Antitrust laws dictate that there can be no “standard” or “required” commission—in other words, commissions are legally negotiable. That being said, agents are not required to accept less than what they ask for, which, in Manhattan has traditionally been 6% (split two ways if another broker brings in a buyer). In today's sellers' market, many agents may agree to reduce their commission to 5% (or even 4% if the eventual buyer is not represented by a broker). Anything less is very rare in Manhattan except in higher price ranges (multi-million dollar properties).

Keep in mind that getting your agent to agree to a 5% commission is not necessarily a good thing, because it reduces the amount the buyer’s broker will receive in a “co-broked” transaction from 3% to 2.5%.  (That may not sound like a lot expressed as a percent, but on a $1 million sale, it’s $5,000.) If an agent is taking a buyer to see 10 properties that are offering a 3% co-broke, that agent might not even bother to show the one that only offers a 2.5% co-broke.

Exclusivity

You will be asked to sign an “Exclusive Right to Sell” agreement. That means the agent will get paid the commission agreed to no matter who finds the buyer. So even if you find a buyer yourself, you still owe that commission, unless you have negotiated some limited exceptions.
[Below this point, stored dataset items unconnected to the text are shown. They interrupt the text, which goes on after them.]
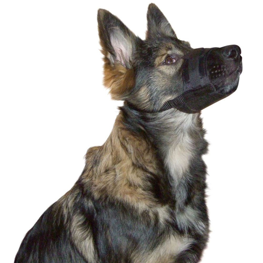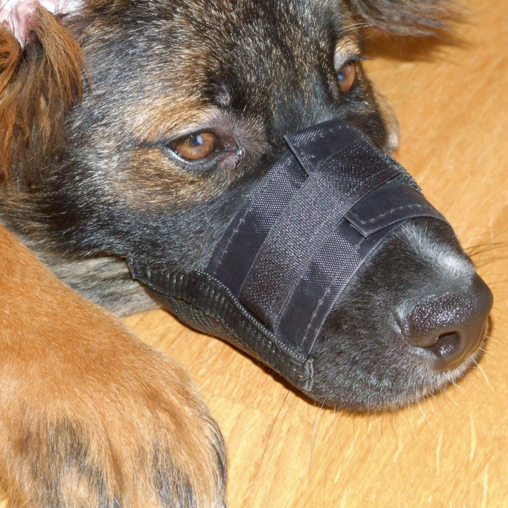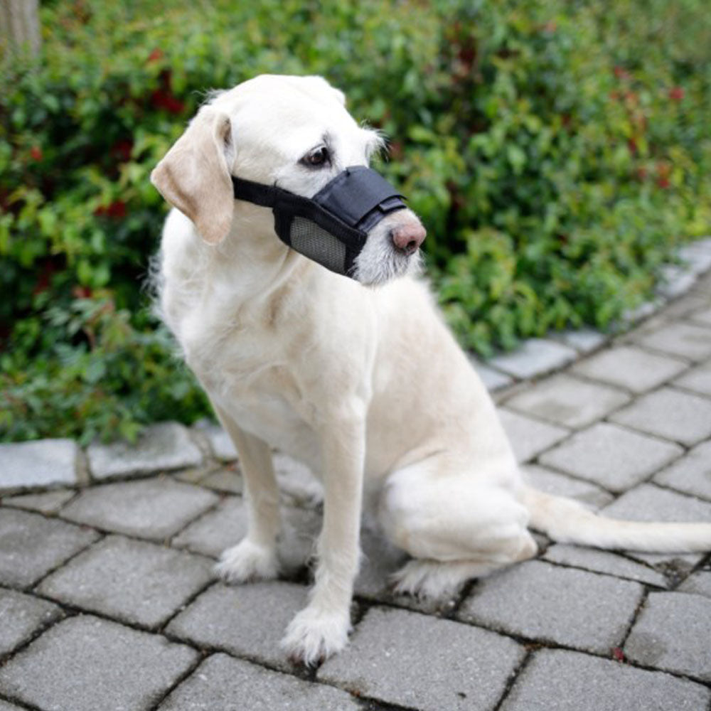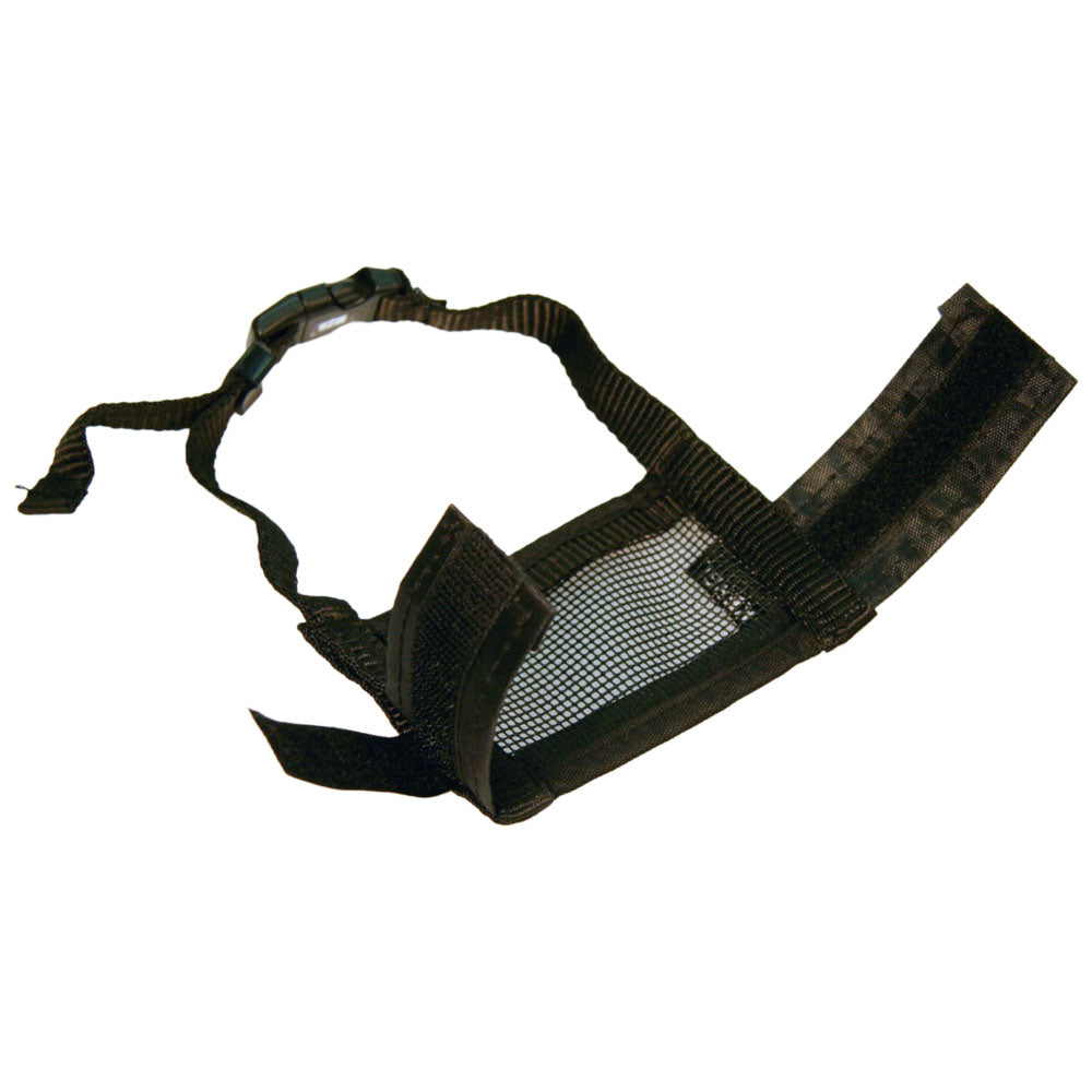 Museruola in nylon nero con chiusura a strappo e rete regolabile
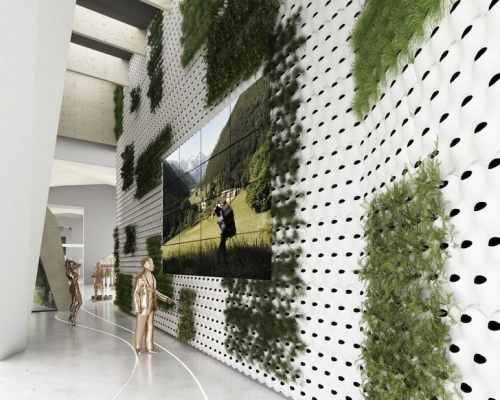 Unutar paviljona su smešteni obrazovni i interaktivni sadržaji. Dizajn enterijera takođe na kreativan način uvlači organske elemente unutra, poput ekrana za projekciju koji je integrisan u živi zid i desetine elektronskih ekrana koji su obešeni na plafonu i prikazuju slike neba.
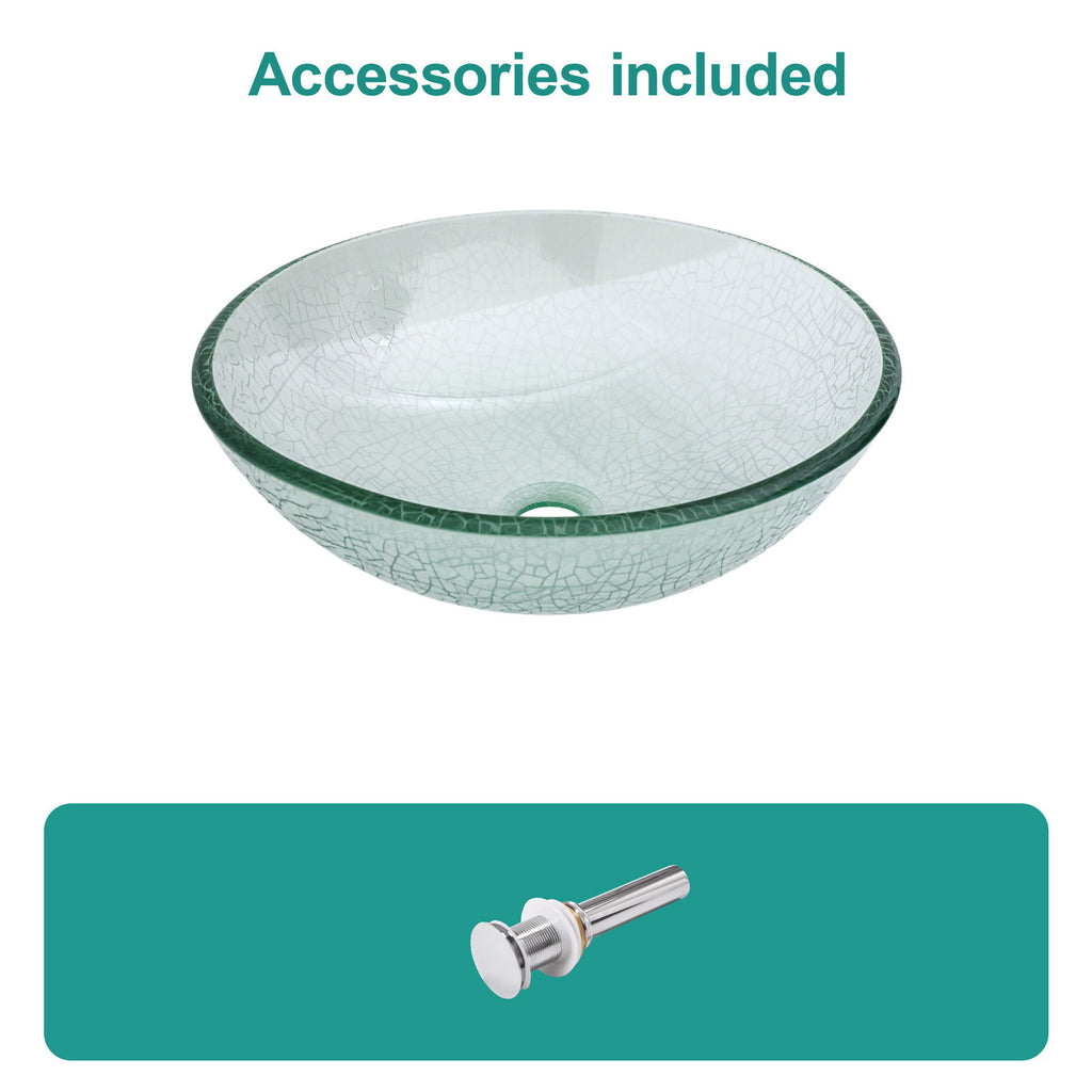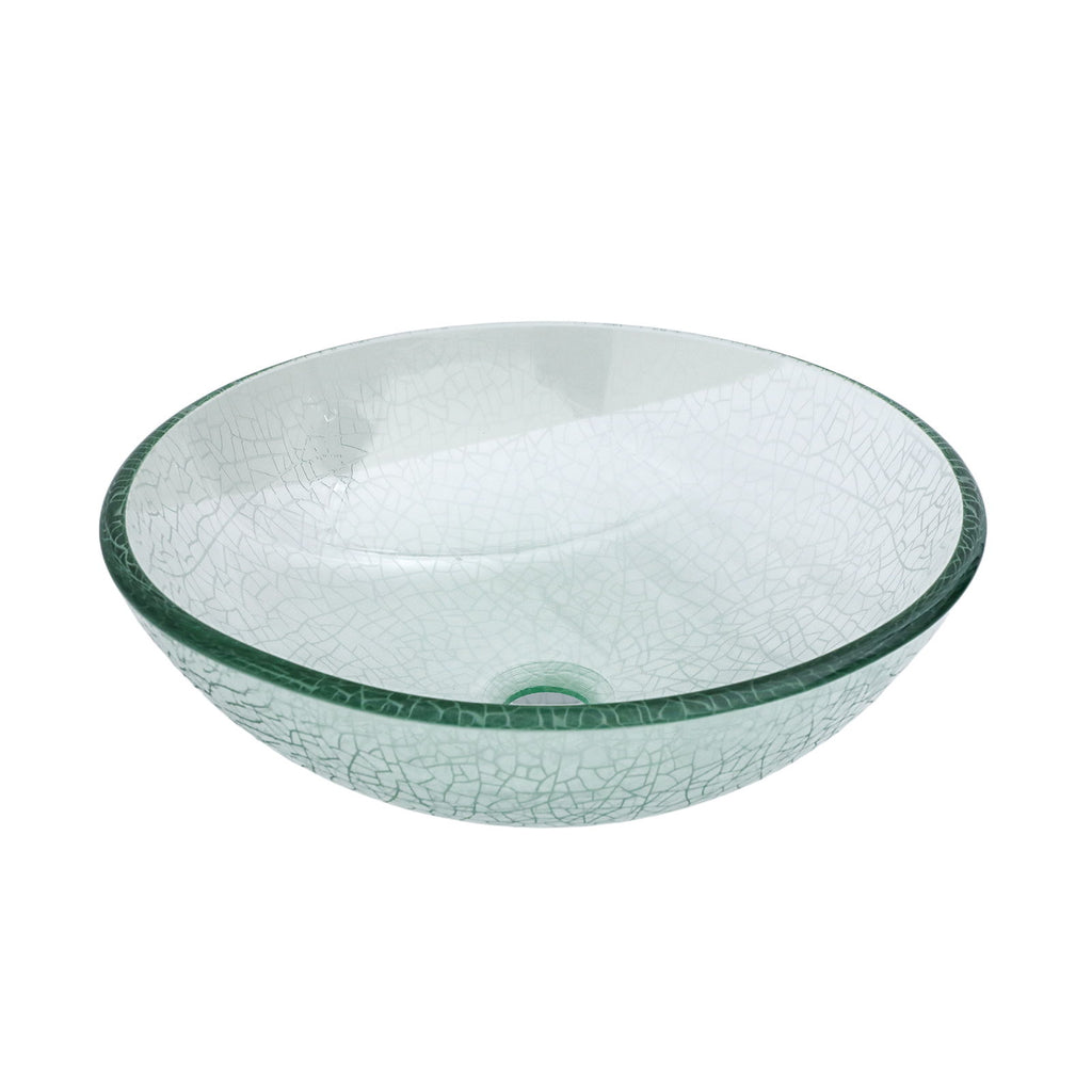 Crackle Vessel Sink, Round Bowl With Pop Up Drain - Clear

"Co-Exclusive” agreements--where you will hire two brokers to work together--most often occur in the ultra-luxury market, and can happen when the seller believes that for an eight-figure property, the broker may be more likely to find the buyer from their “network” rather than just through marketing.  Thus, having two broker “networks” might be better. 

“Open listings” surface once in awhile. An open listing is made available to all brokers on the same basis. These are not a very viable option for the average seller, but sponsors (building owners) sometimes use them.  Sponsors have deep relationships in the brokerage community and may be able to call 10 brokerages, be taken seriously, and say “if anyone in your office finds a buyer for my property on ABC Street, I’ll pay them a 3% commission, but it’s not going to be anyone’s exclusive.”  Realistically, a normal seller cannot do this.